Lucy O’Doherty’s quirky, immediately identifiable aesthetic is the result of experimentations with colour, technique, light and shade. Using a retro colour palette and undefined brush strokes, she presents an idiosyncratic imitation of suburbia inspired by Depression Era architecture, motel postcards, and 1950s-60s Australian beach culture. Exploiting our sense of nostalgia, O’Doherty evokes unsettling feelings of déjà vu in the viewer – creating worlds that are simultaneously real and surreal, familiar and unknown. Picture perfect at first glance, deeper inspection reveals something a little bit ‘off’ – like childhood memories of long ago places. Was it as idyllic as it seemed, or is childish naivety toying with our recollections? Are we safe here, or is this dreamlike domesticity about to morph into something altogether more sinister?

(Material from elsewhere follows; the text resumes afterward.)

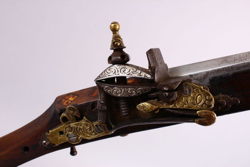 A LONG 19TH CENTURY NORTH AFRICAN RIFLE, with gilt metal mounts, octagonal barrel, with bone and silver inlays to the handle, 170cm high.

O’Doherty’s choice of materials aids the surreal sense of mystery that defines her work as the oil sinks into the stretched linen, creating soft lines that hum with an indefinable edge. Her domestic spaces take on a still-life quality as she treats shadows with a solidity that dissects the compositions into an investigation of shapes.
Winner of the prestigious Brett Whiteley Travelling Scholarship (2016), O’Doherty completed her Bachelor of Fine Arts at the National Art School, Sydney, in 2011. Highly commended in the Pro Hart Outback Prize in 2016, she has been a finalist in the Mosman Art Prize in 2015, the Brunswick St Gallery Small Works Prize in 2013 and 2012, and the Lethbridge 10000 Small-Scale Art Award in 2012. Her work is held in the Artbank Collection, Imago Mundi Bennetton Collection and in private collections in Australia.